“We were brothers. Arslan was my only family. Even my grandfather was… Well, I was a cog in his business machinations more than anything else.”
“I’m sorry.”
I fold my hands over my stomach and stare up at the ceiling. “Don’t be. It’s the way things are.”
“But it’s not the way things have to be. You don’t have to do things that way.” After a beat, Belle reaches out and lays her hand on my arm. Her fingers are cold, and she sighs at the contact. “You’re burning up.”
I say nothing. Silence descends, heavy and charged around us. Belle circles her fingers over my skin, shifting closer until I can feel her breasts pressing against my arm. Until the warmth from her thighs is radiating against the back of my hand.
“Tell me a story about the two of you,” she prompts. “About you and Arslan. When you were kids.”
Talking about Arslan at all feels like cracking open my chest and exposing my underbelly to the wolves. But it’s painfully obvious that she just wants to know him better. And through that, to know me better.
Right now, in the dark, I want to give her both.
“When we were sixteen, we robbed a liquor store together.”
Belle gasps. “Not that kind of story!”
“Those are the only kind we have,” I laugh. “It’s better than it sounds.”
She makes an unconvinced noise in the back of her throat. It’s a rumbling sound that is dangerously close to the way she groans when I’m inside of her. I feel my cock twitch.
“Arslan got invited to this girl’s party, but we could only go if we could supply the alcohol.”

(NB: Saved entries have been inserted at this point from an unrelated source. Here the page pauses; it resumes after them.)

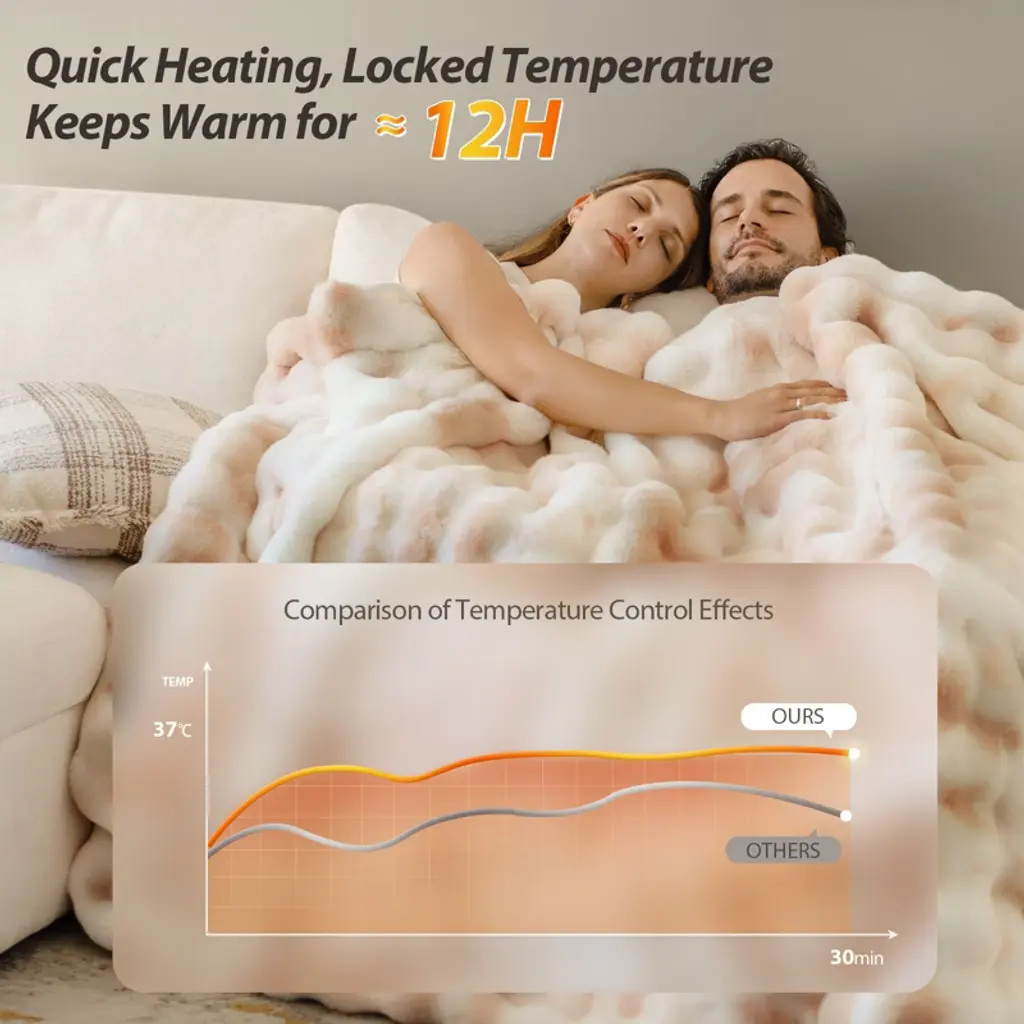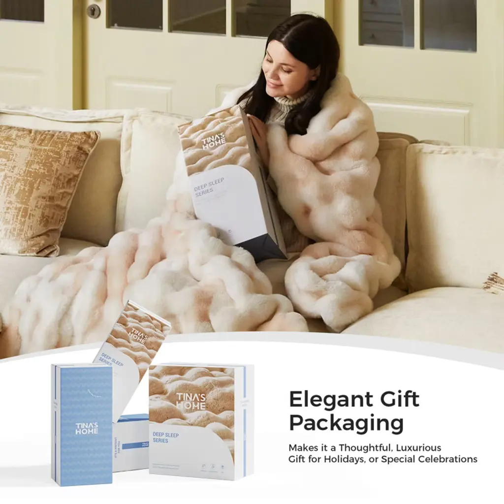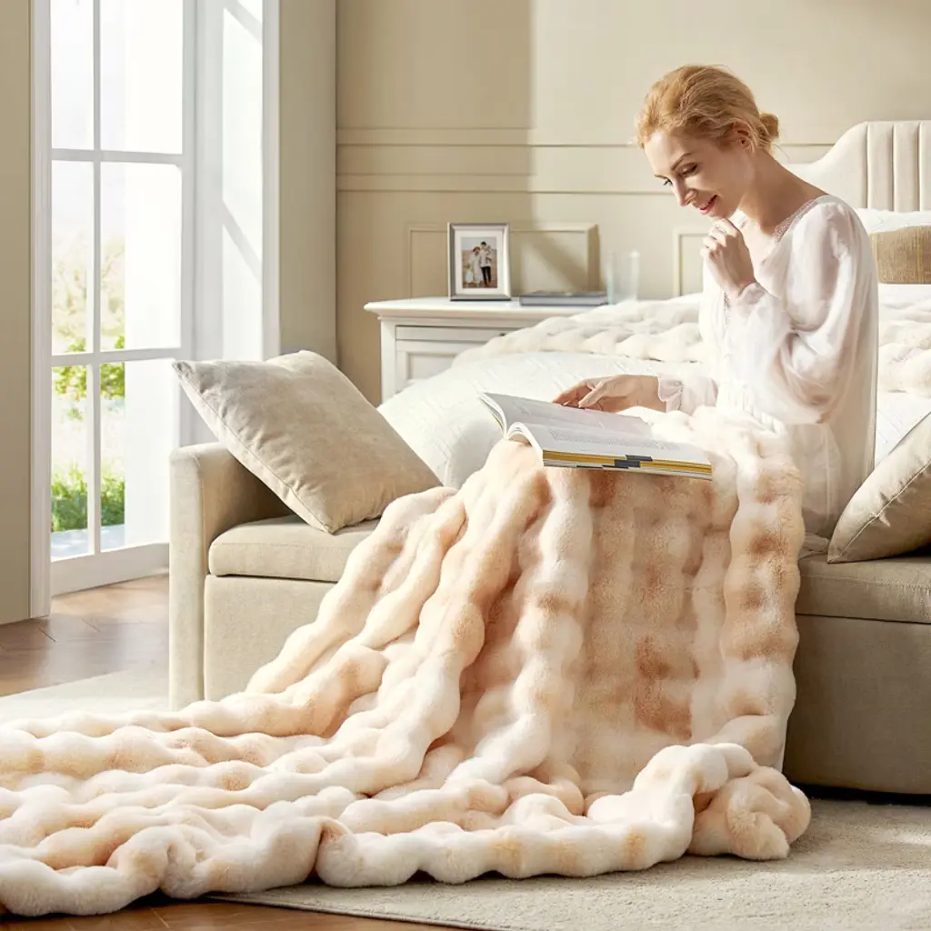 Indulge in the luxurious comfort of this fur throw, featuring a plush 750GSM faux rabbit fur front with a silky mink-like touch, crafted using an tie-dye process for a natural, stylish look. The premium crystal velvet on the reverse side offers a soft, skin-friendly feel and excellent warmth. Its unique 3D bubble design enhances texture and adds a touch of elegance, making it a suitable accent piece for any bedroom, living room, or home space. Designed for easy maintenance, this throw is machine washable, ensuring hassle-free care. With its exquisite packaging, it also makes a thoughtful and elegant gift for loved ones.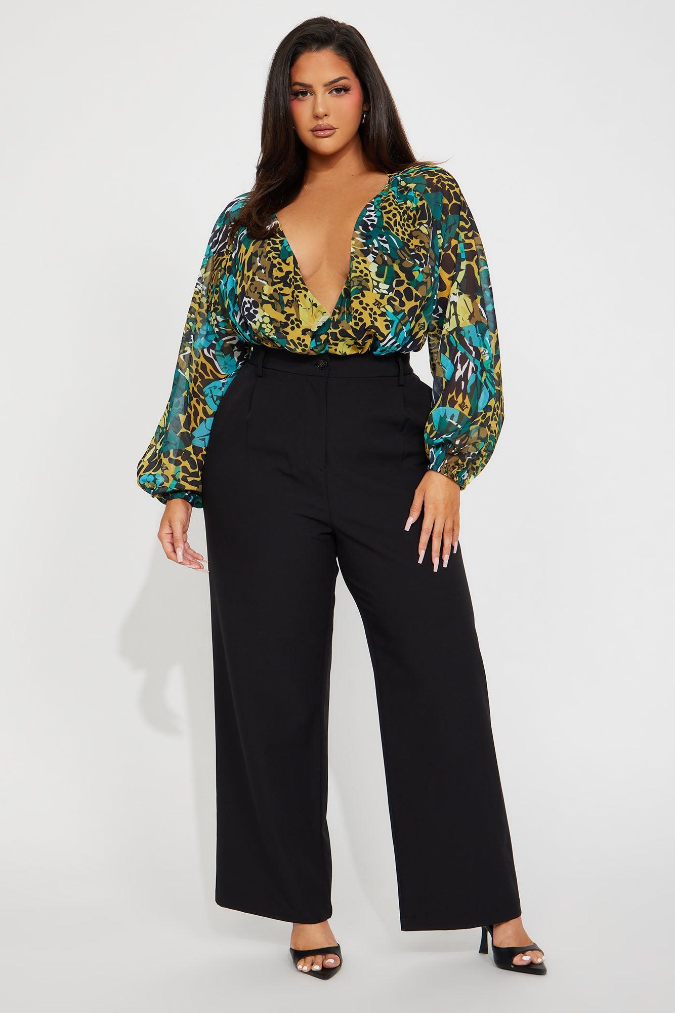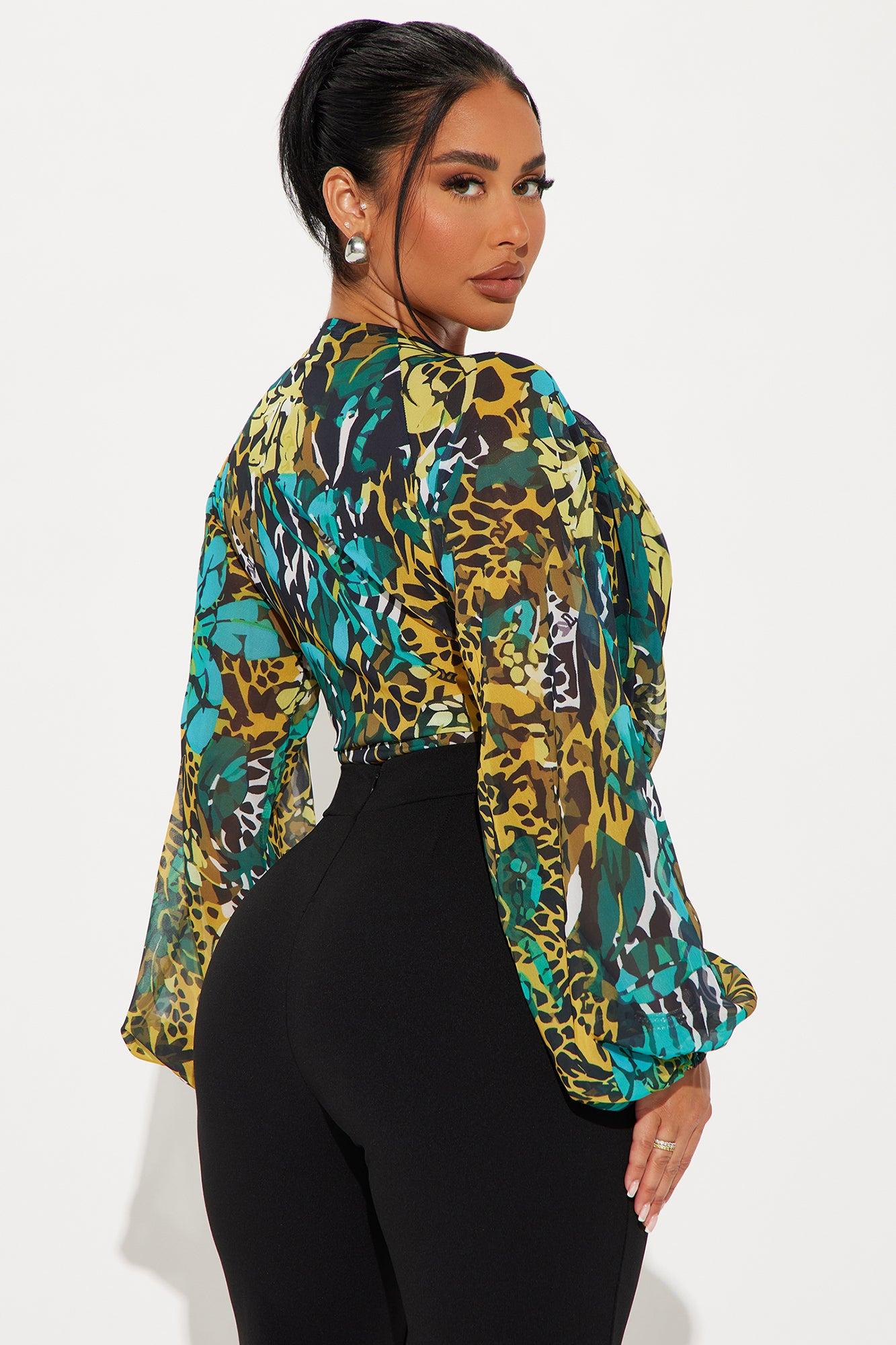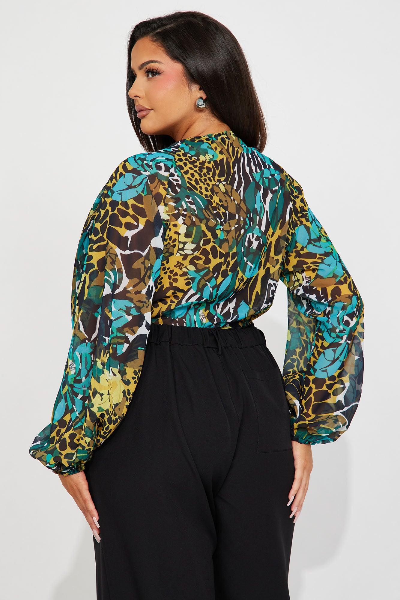 Wild Side Deep V-Neck Bodysuit - Blue/combo
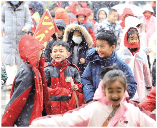 12月2日,我市迎来今年入冬以来第一场雪。当日中午,在城区虞河路与玉清东街交叉口北侧,一群放学的小学生被雪花吸引,欢呼雀跃迎接这份从天而降的快乐。 本报记者 巩建国
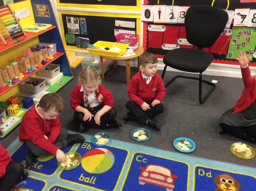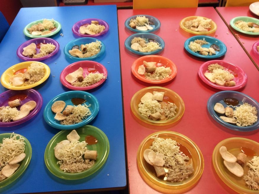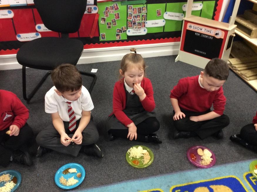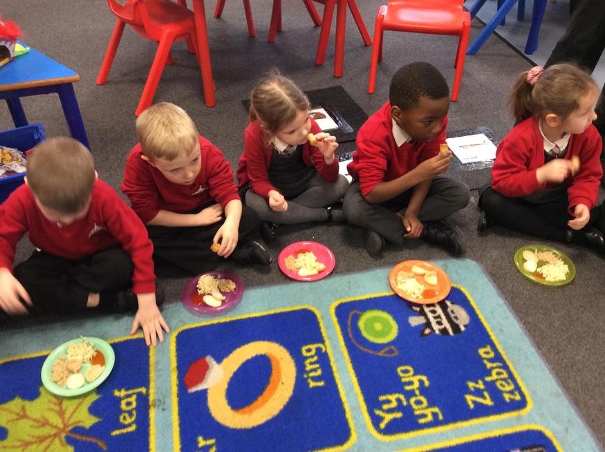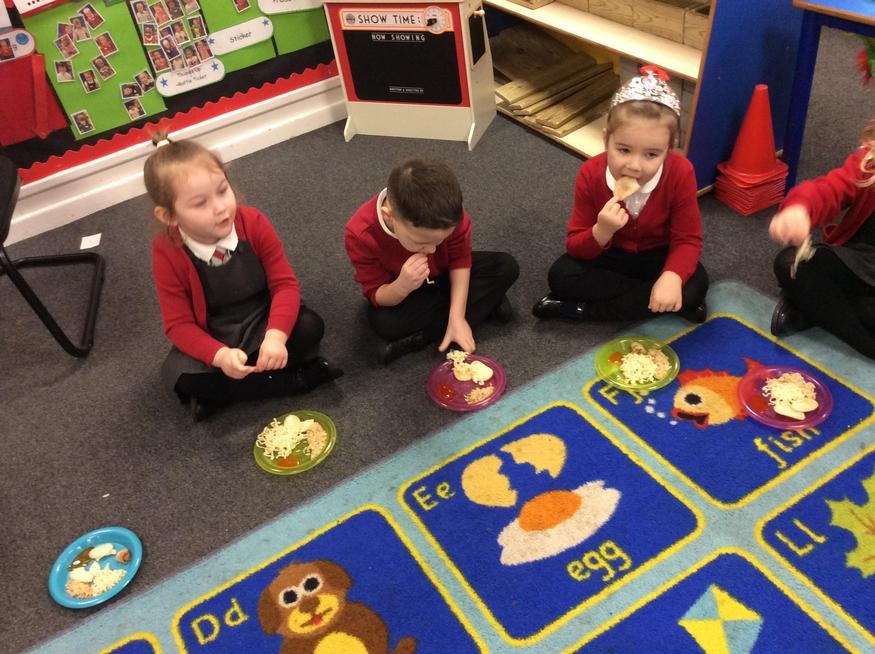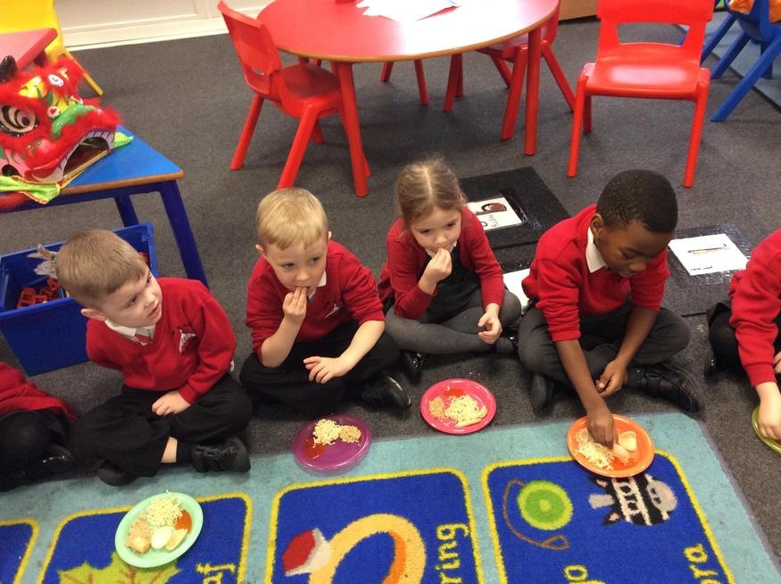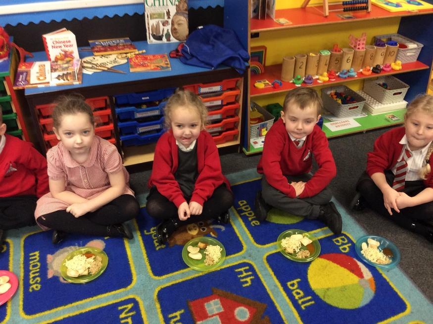We also tasted some Chinese food. We tried some noodles, fried rice, prawn crackers, spring rolls and some sweet and sour sauce. We thought the crackers were crunchy and we really liked the spring rolls. We all though it was yummy.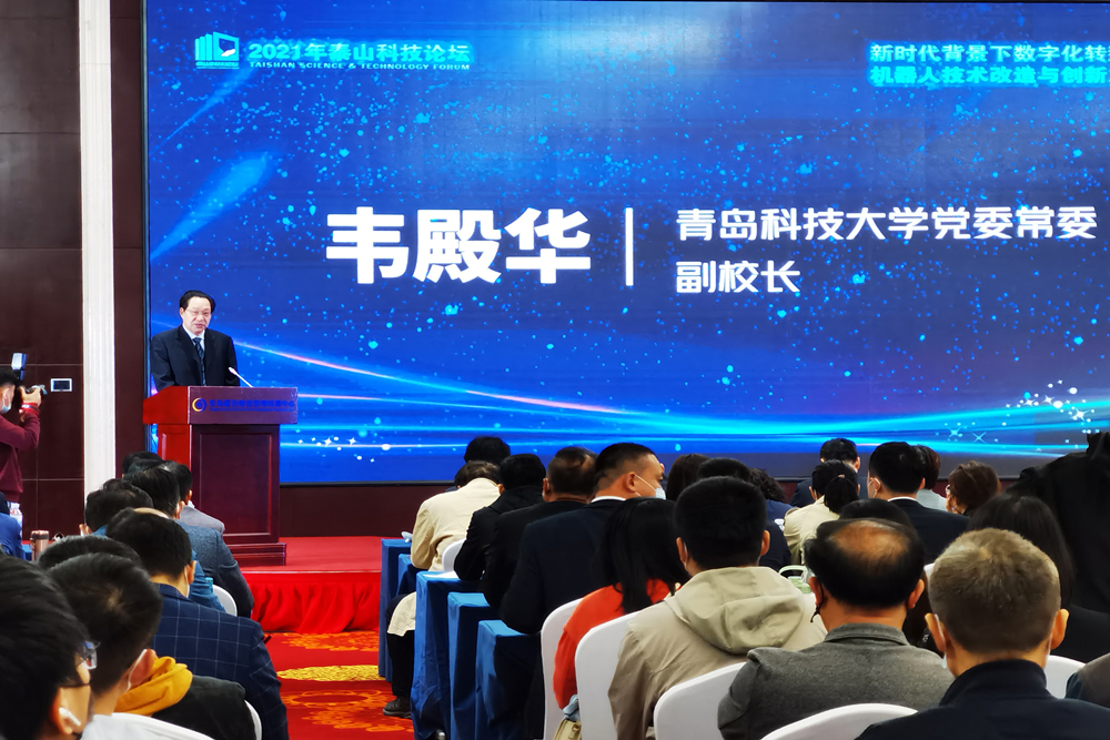 10月16日,由山东省科学技术协会主办,山东省机器人研究会、365英国上市公司官网轮胎先进装备与关键材料国家工程研究中心承办,青岛市工业和信息化局、青岛市科学技术协会支持的“2021年泰山科技论坛——新时代背景下数字化转型与智能机器人技术改造与创新发展大会”在青岛蓝谷财富管理培训中心举办。青岛市工业和信息化局一级调研员孙成武,青岛市科学技术协会党组成员、副主席柳本才,学校党委常委、副校长韦殿华出席大会,高校、科研院所、企业约300余人参加大会。

“You robbed a liquor store to get a girl’s attention? Really?”
“Well, the girl only saw Arslan, not me,” I explain. “And at the time, he was sporting some teenage acne and an overbite. He had to earn his keep.”
Belle laughs. “Oh my goodness. I wish I could see pictures of both of you at that age.”
“Keep wishing.”
“You embarrassed?”
“Me?” I scoff. “Absolutely not. But Arslan burned most of the evidence. There’s nothing left.”
“Except stories,” she murmurs.
“Except stories.” I hate the bitter taste of the words in my mouth. I take a deep breath to rinse it away. “Arslan was insistent we get the alcohol for this party. He thought we could get a fake ID or talk our way into it. I had a better idea.”
“To steal it,” she guesses.
I nod. “So, the night before the party, Arslan and I deck out in all-black and creep down this embankment to a liquor store right along the highway. The roar from the cars was the perfect cover for any noise we might make and it gave us a quick getaway. I parked the car along the shoulder just above us.”
Belle’s grip on my arm tightens. “Oh no. You got caught, didn’t you? Or your car got stolen. Did someone crash into your getaway car in the middle of the heist?”
I bite back a smile. “Arslan busted out the back window with a hammer and then we crawled inside. We were able to carry the loot up the embankment bit by bit over the next, I don’t know… fifteen minutes, probably?”
“Fifteen? That’s too long!”
“It was,” I laugh. “Because by the fifth time we crawled through the window, we could hear police moving around in the main room.”
“Oh, shit.”
“That’s what we said. The cops clearly knew we were in the back room and they were headed our way.”
“What did you do?” Belle shakes my arm with nervous fingers.